This method seems to replace the method of hypothesis introduced in the Phaedo, and it appears to be an advance over the Republic, where we are assured that the form of the Good illuminates all things. Plato now struggles with the problem of how even philosophers make mistakes. Nicholas White believes that Plato should have refurbished the hypothetical method.

249c: First mention of the method: "For a man must have intelligence (logos) by what is called the Idea (eidos), a unity gathered together by reason (logos) from the many particulars of sense. This is the recollection of those things which our soul once saw which following God. . . in beholding which He is what He is. "
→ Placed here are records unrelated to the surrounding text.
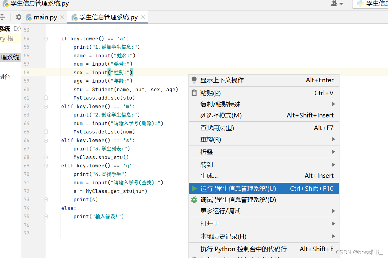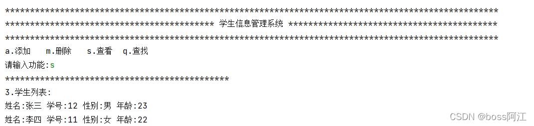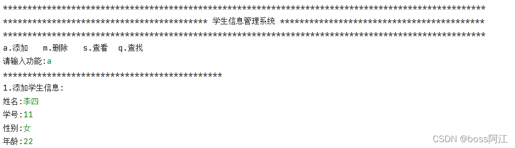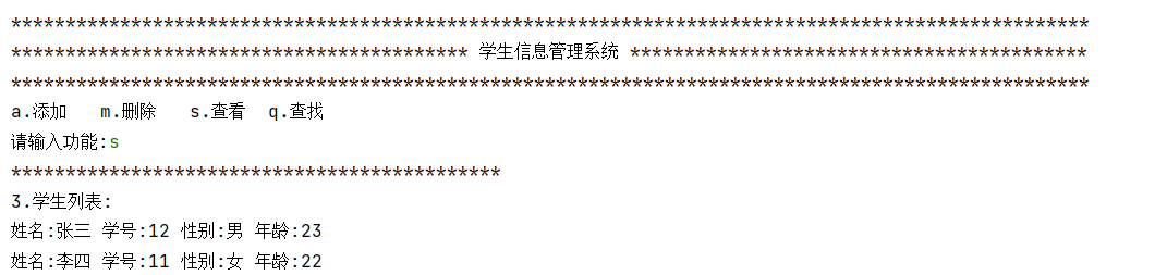 目的:编写一个简易的学生信息管理系统,要求能实现 学生信息的添加、删除、特定学生信息查询、所有学生信息展示等基本功能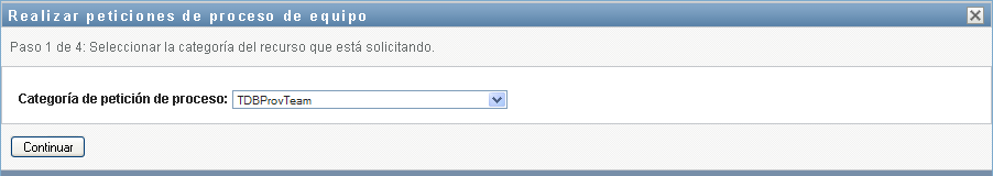 La página Realizar peticiones de proceso de equipo muestra una lista de los procesos que se pueden pedir. La lista sólo incluye los procesos para los que los supervisores de equipo tienen permitido iniciar peticiones.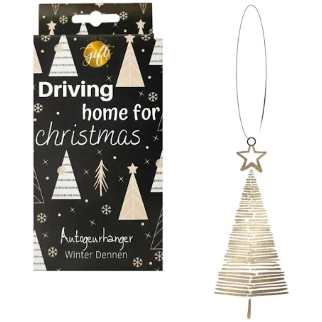 De The Big Gifts autogeurhanger Winter Dennen brengt direct een winterse sfeer in je auto. Met een frisse dennengeur past hij perfect bij de feestdagen. De hanger (17 x 8 cm) komt in een stijlvol zwart doosje met witte opdruk en de tekst “Driving home for Christmas” – ideaal als klein kerstcadeau.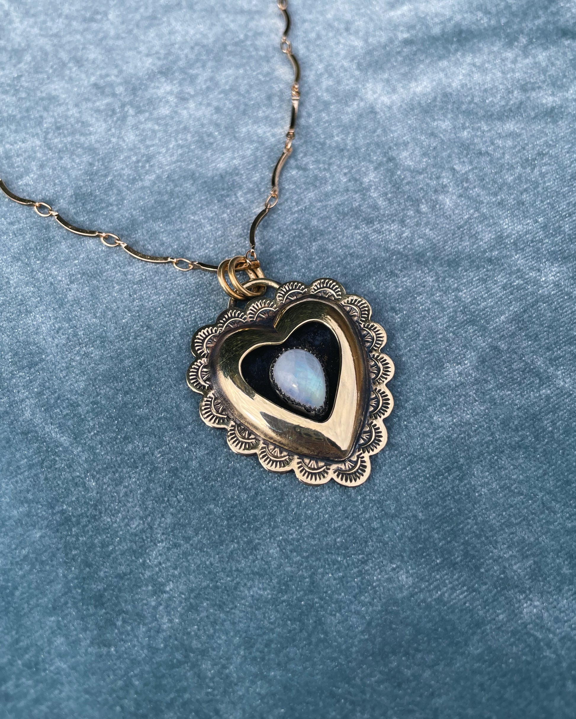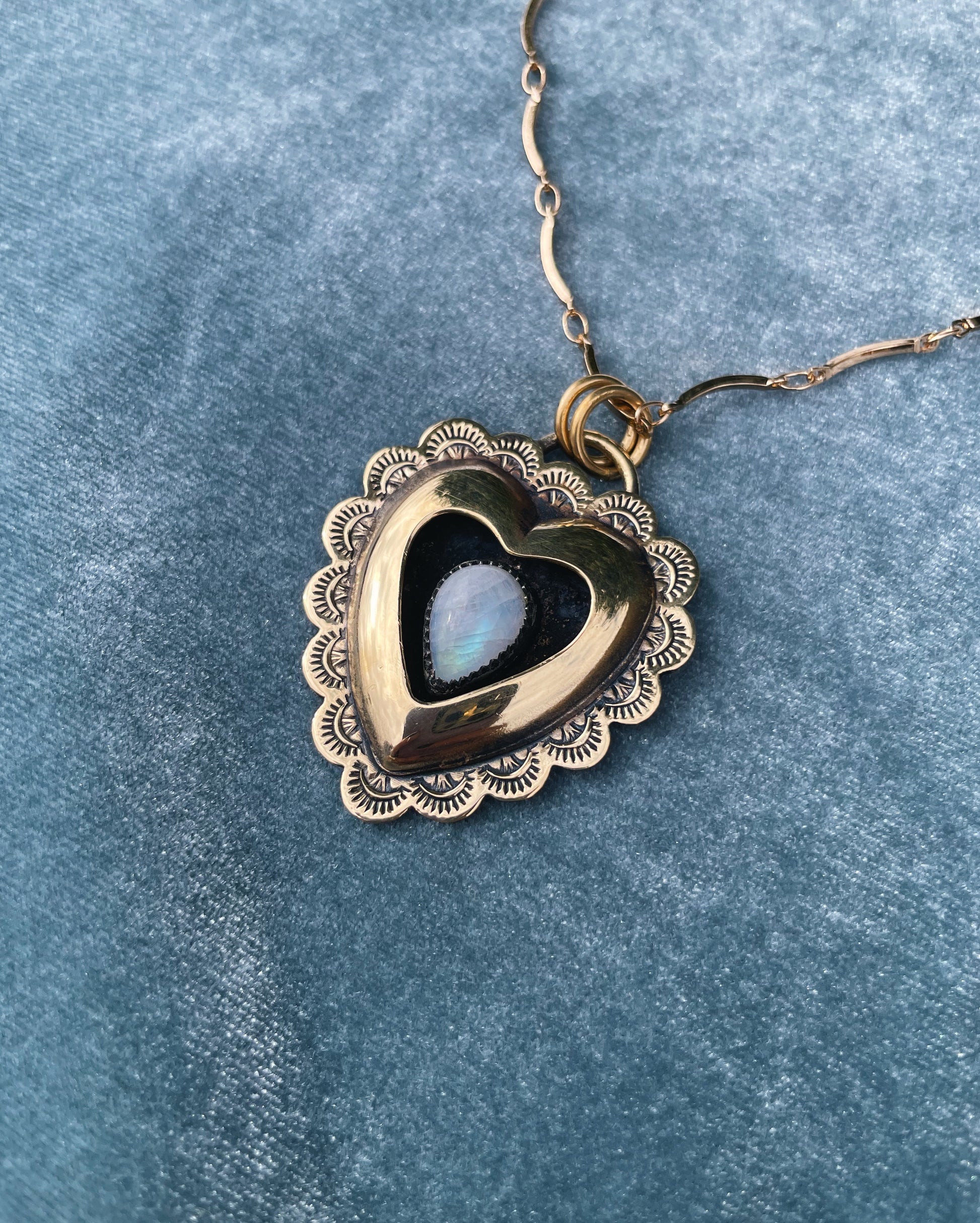 Shadowbox Heart pendant shaped by pressure, time, and hand. Formed from red brass using a hydraulic press and antique die. After pressing, the piece is hand fabricated. At the center sits Rainbow Moonstone bezeled in fine Silver.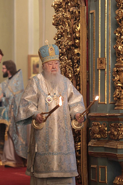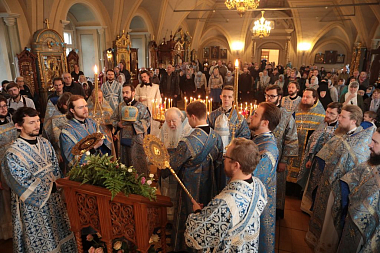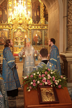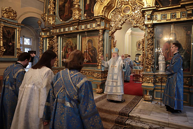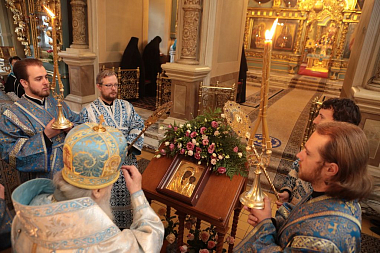 Накануне вечером владыка Ювеналий возглавил всенощное бдение с чтением акафиста Божией Матери перед Ее иконой «Казанская».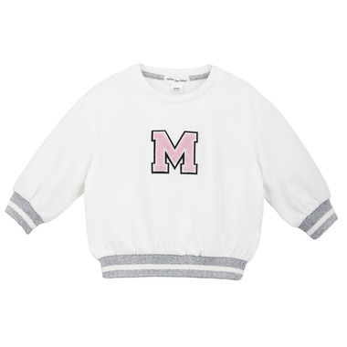This vintage style sweatshirt is perfect for any cool kid. With striped elasticated cuffs and a rounded neckline, the sweater is easy to throw on over a tee and jeans for kicking back at the weekend. Made from organic cotton terry the sweater is super soft and flexible, so it’s perfect for all day wear. On the front, there's a letterman style M for that cool varsity look.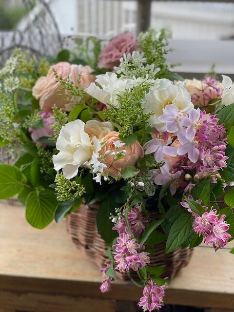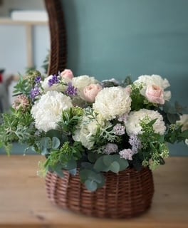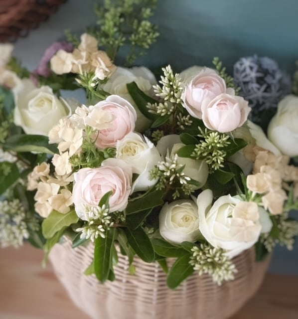 スタンダードなバスケットを用いながらも、植物をより豊かに用いるアレンジメント。重ねるクラシカルな表情のバラは、アンティークの世界観を醸します。

"We bring a dispersed plurality under a single form (idea), seeing it all together. . . [whereas in division] we are enabled to divide into forms, following the objective articulation (natural joints); we are not to attempt to hack off parts like a clumsy butcher (bad carver, Loeb). . ." (265de). There will be, as in Duns Scotus, a natural end of division. The body of the real is like a carcass which we must leave to expert butchers.

Problems with dividing Forms: If there is a form of Human, is there a subform Barbarian, Egyptian, Persian, Caucasian, Negroid, Mongoloid? In the Statesman it is denied that the subclass of non-Greeks is a real group, and hence a separate Form. The method of division is designed to separate real entities from bogus ones.

Obviously widely taught in the Academy, because it was widely satirized too.

THE LAST GREAT DIALOGUES

Cornford: PARMENIDES, THEAETETUS, SOPHIST, AND STATESMAN deliberately written to be read in order. Reference made in each of the following to its predecessor. The Theaetetus (183e) alludes to the meeting in the Parmenides, and the Theaetetus ends with a promise of an appointment which is met in the Sophist and the latter is openly referred to in the Statesman. They, or parts of them, may have been composed out of order, but still designed to be read in this order.

Does Socrates' reference that his "head has been broken" in argument before (169c) encountering "heroes in debate" point to the defeat he experienced at the hands of Parmenides and Zeno?

It is significant that the Eleatic school should dominate in these dialogues: as Parmenides and Zeno in the Parmenides and the Eleatic "stranger" in the Sophist and the Statesman.

Middle dialogues--MENO, PHAEDO, TIMEAUS, PHILEBUS, REPUBLIC, AND LAWS--written for an educated lay audience, while the last four obviously written for philosophers only.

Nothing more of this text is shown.